*** Collected material ***

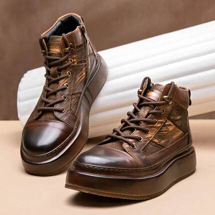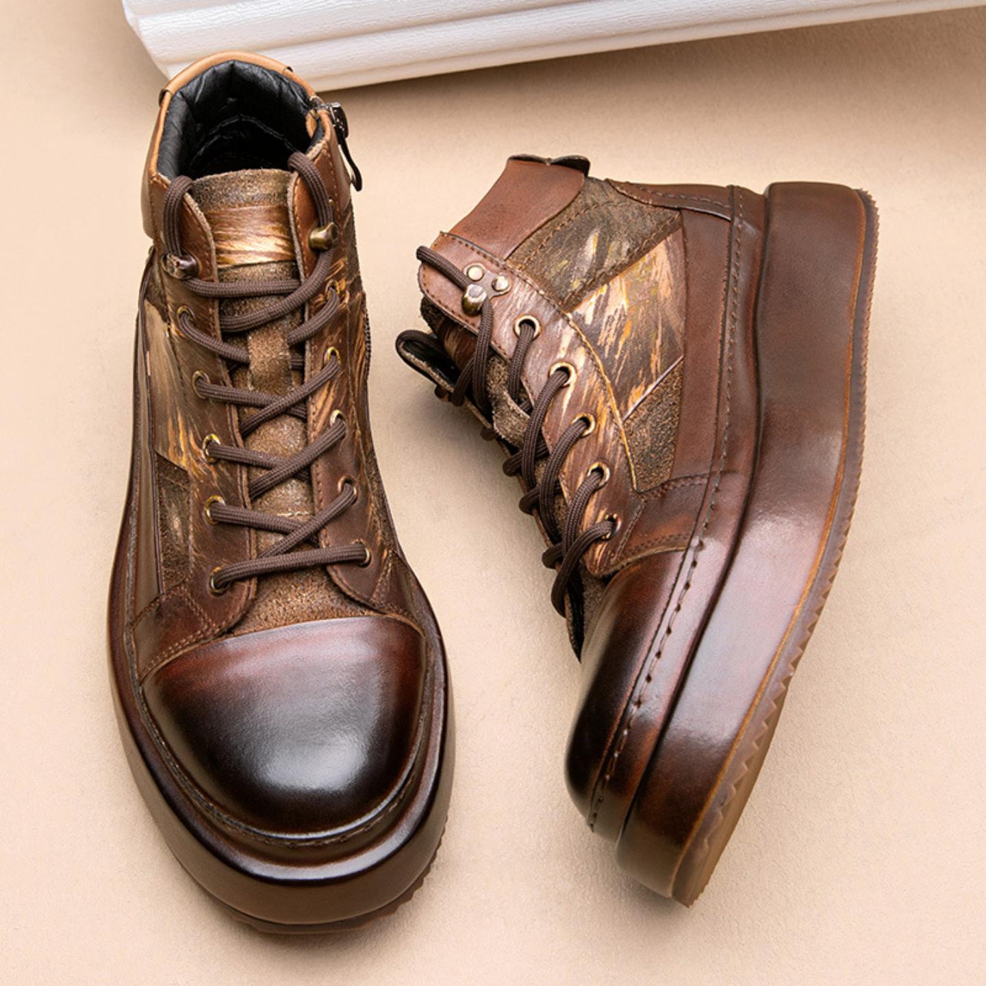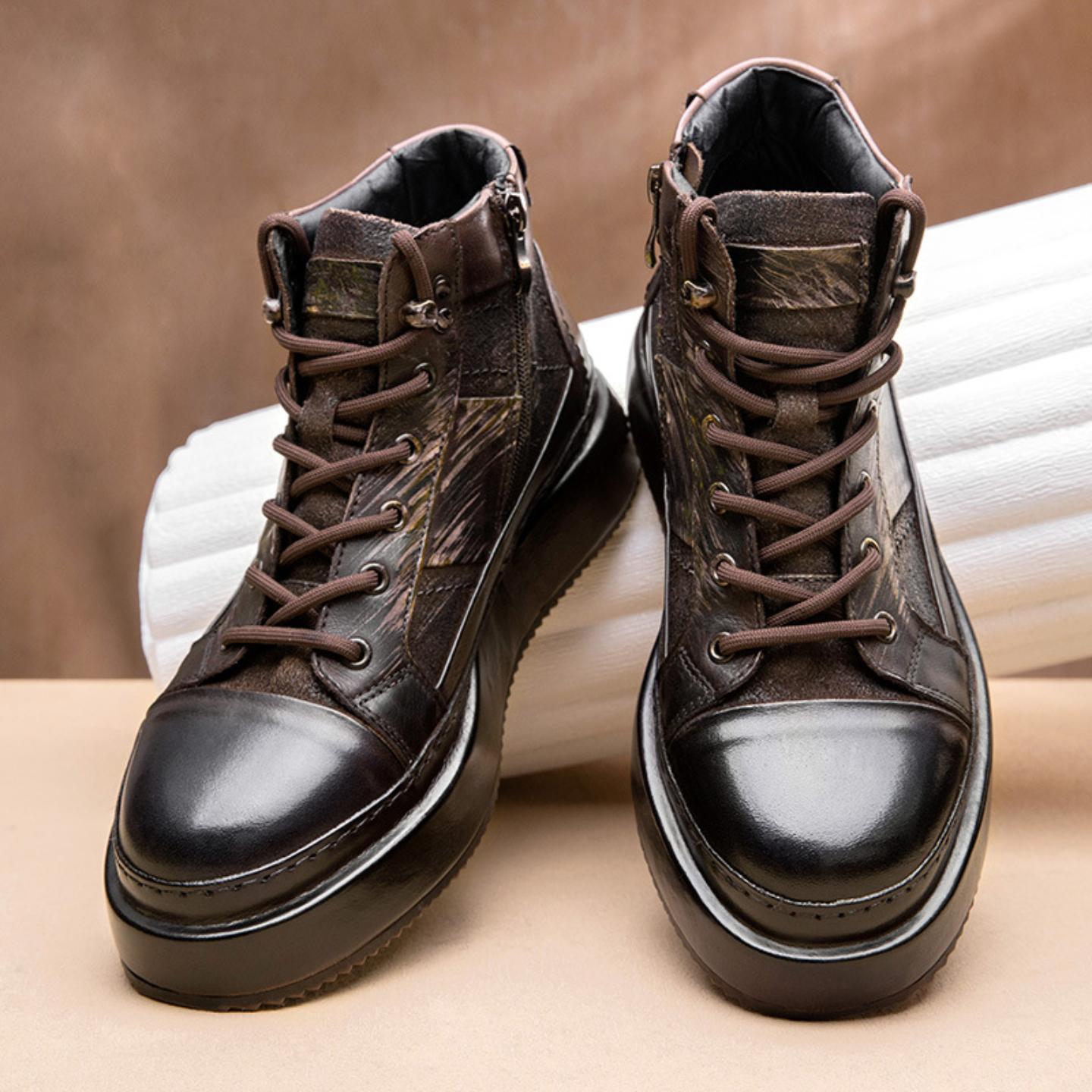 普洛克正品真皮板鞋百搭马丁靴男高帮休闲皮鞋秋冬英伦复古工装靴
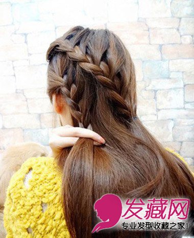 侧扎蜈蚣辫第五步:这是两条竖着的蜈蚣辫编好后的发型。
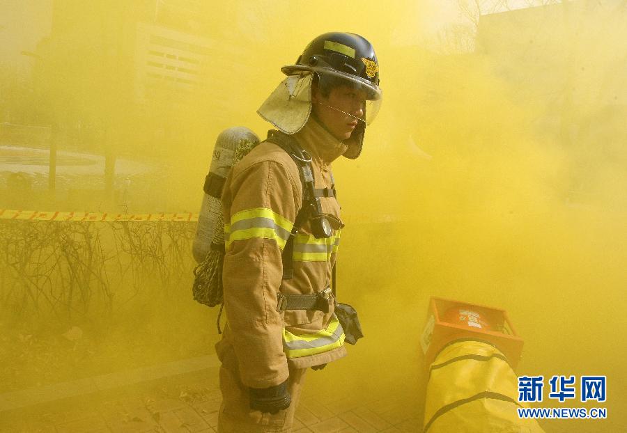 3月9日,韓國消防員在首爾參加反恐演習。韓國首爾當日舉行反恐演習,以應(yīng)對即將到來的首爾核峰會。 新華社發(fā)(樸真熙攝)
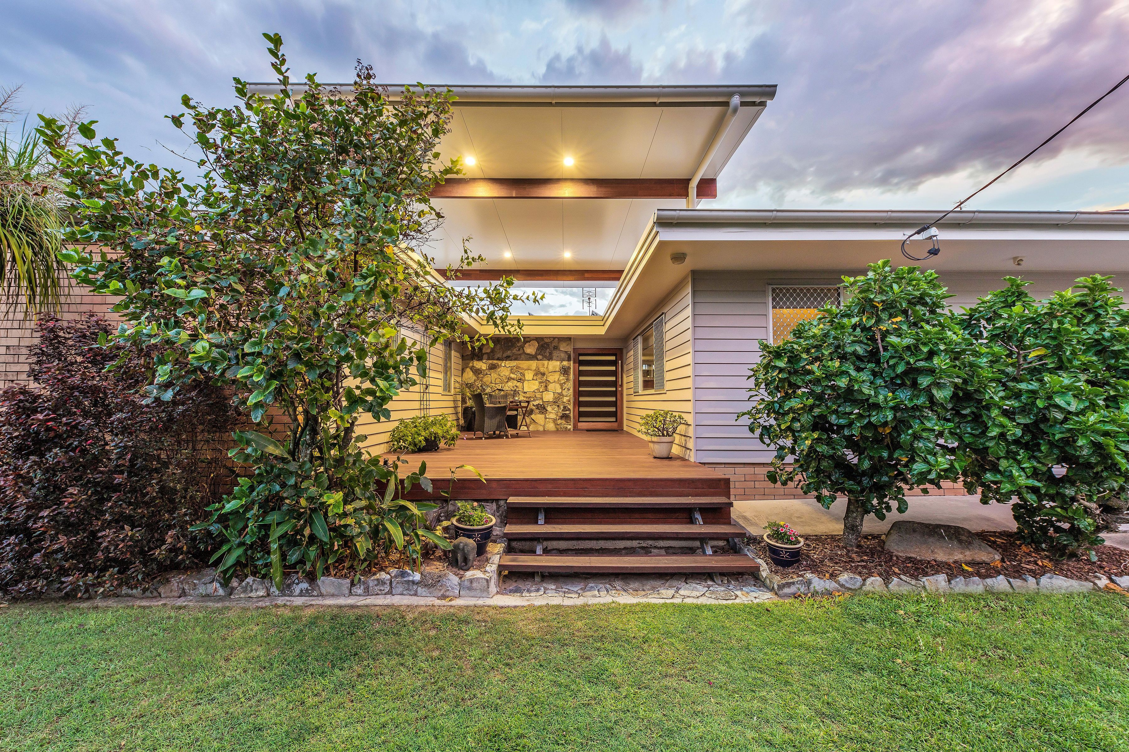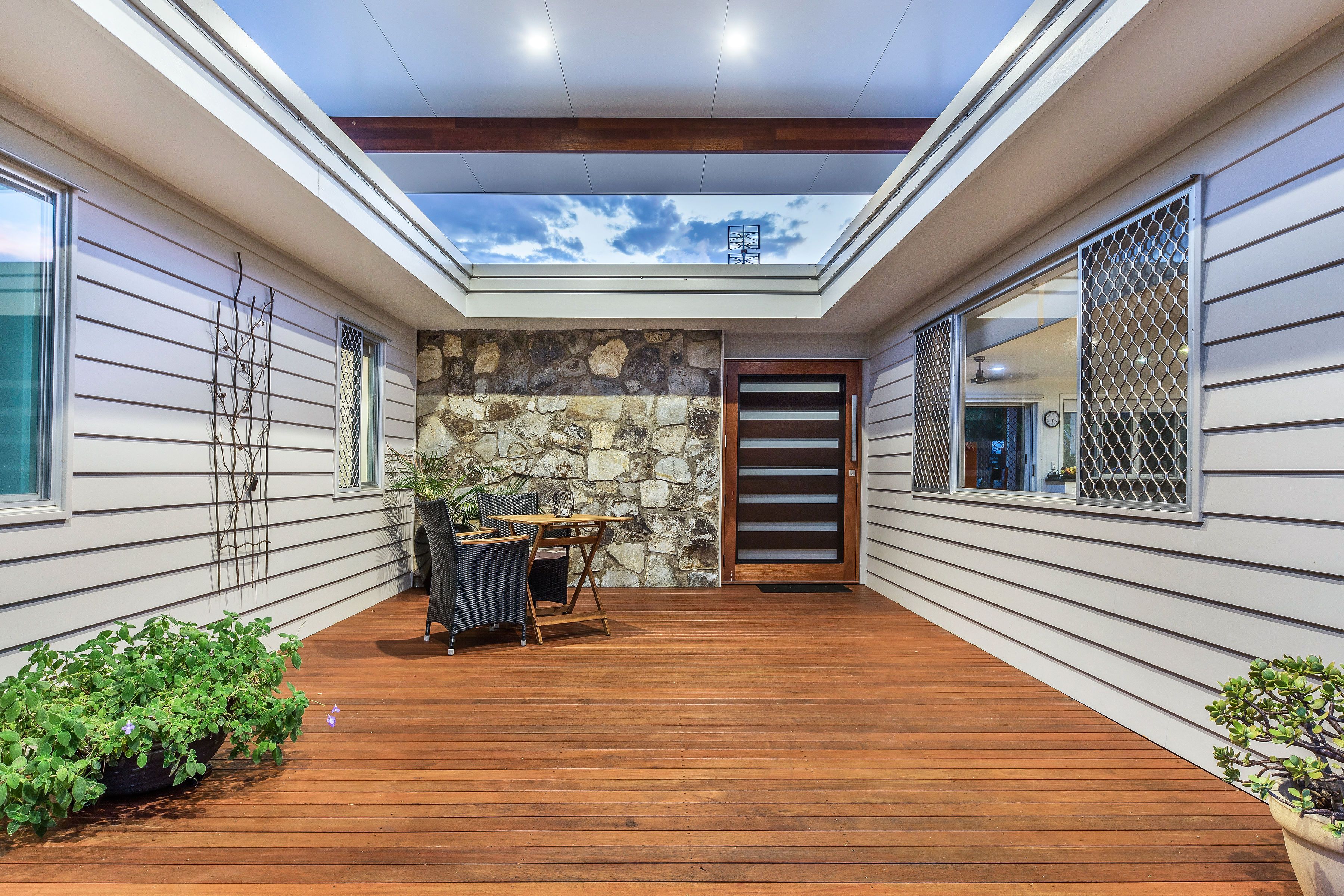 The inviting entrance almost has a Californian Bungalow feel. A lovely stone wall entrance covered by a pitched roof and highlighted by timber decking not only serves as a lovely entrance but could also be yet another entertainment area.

*** End of Collected material ***

Your instructions
Could you reproduce exactly the lines from the first line of the listing through the line containing "3月9日,韓國消防員在首爾參", both included, with pictures left out?

Completed exercise
 普洛克正品真皮板鞋百搭马丁靴男高帮休闲皮鞋秋冬英伦复古工装靴
 侧扎蜈蚣辫第五步:这是两条竖着的蜈蚣辫编好后的发型。
 3月9日,韓國消防員在首爾參加反恐演習。韓國首爾當日舉行反恐演習,以應(yīng)對即將到來的首爾核峰會。 新華社發(fā)(樸真熙攝)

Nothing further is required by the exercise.